Diagnosing connection errors
The number of DB connections is limited by the max_connections
parameter and is calculated by the following formula:
200 × <vCPU_share_on_host>: 15
Where <vCPU_share_on_host>
is the product of the number of vCPUs by their guaranteed share and 15
is the number of reserved service connections. The resulting number of connections is distributed between the database roles.
If the number of open connections reaches the limit, errors appear in the cluster logs:
- Too many connections for role.
- Server conn crashed.
- Invalid server parameter.
- Query wait timeout.
To get detailed information about the usage of available connections using monitoring tools:
-
Go to the folder page and select Managed Service for PostgreSQL.
-
Click the name of the cluster you need and select the Monitoring tab.
-
Check the Total pooler connections chart.
Managed Service for PostgreSQL does not allow connections directly to the DBMS; instead, they go to the connection pooler.
-
The Clients parameter reflects the number of client connections to the connection pooler.
-
The Servers parameter reflects the number of connections between the DBMS and the connection pooler.
Take note of the number of connections: if the values are high, this means some queries keep connections open for too long.
-
Troubleshooting connection issues
To fix issues with the number of connections:
-
Increase the
max_connections
value in the DBMS settings. -
Optimize queries so that there are no long transactions.
If the load is still high or there is nothing to optimize, the only option is to upgrade the host class.
Diagnosing insufficient storage space
If the cluster shows poor performance and the logs show ERROR: cannot execute INSERT in a read-only transaction
, the cluster storage might have run out of free space and switched to read-only mode.
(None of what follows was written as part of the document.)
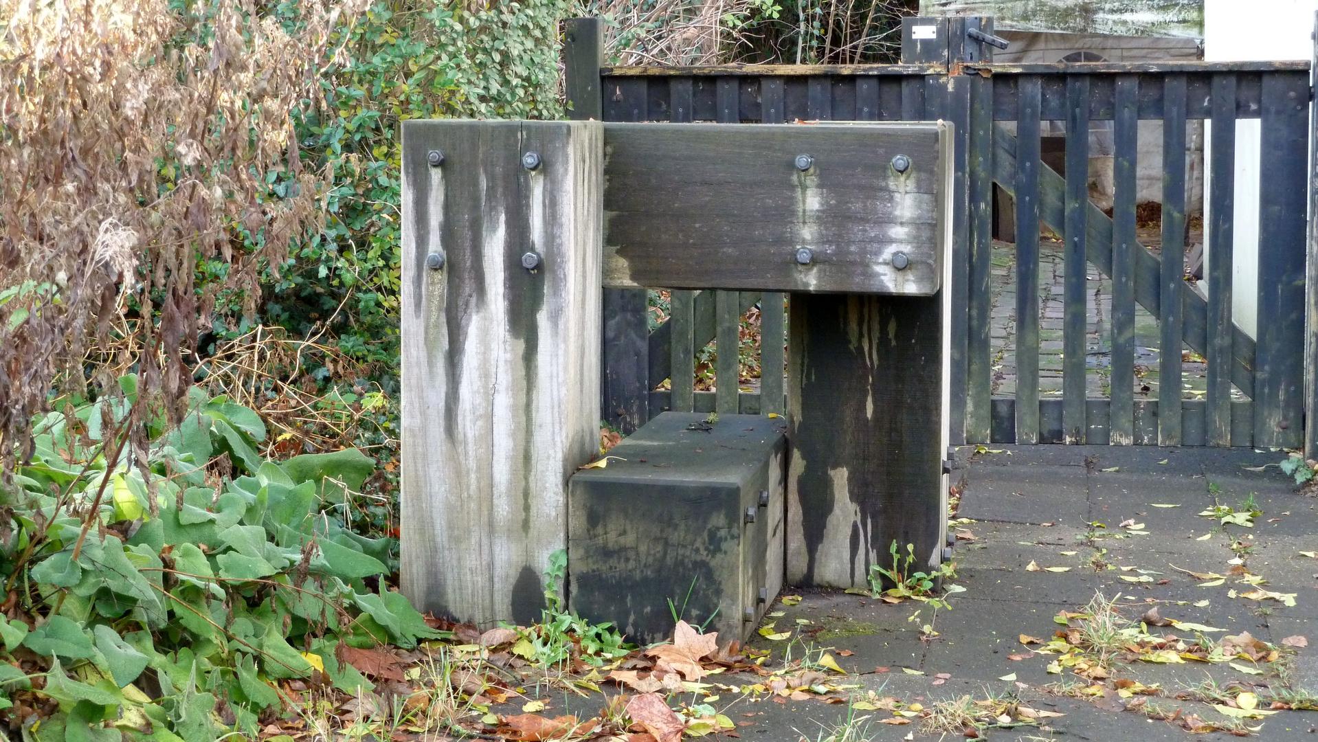 Die Stahlelemente fügen sich in dafür vorgesehene Aussparungen im Holz. Die Farbe des Holzes und des oxidierten Stahls bilden eine weitgehende optische Einheit.

To check for free space in cluster storage:
-
Go to the folder page and select Managed Service for PostgreSQL.
-
Click the name of the cluster you need and select the Monitoring tab.
-
Check the Disk capacity in primary, [bytes] chart.
Check the value of the Used parameter that shows the degree of cluster storage usage.
Troubleshooting problems with insufficient storage space
For recommendations on troubleshooting these issues, see Disk space management.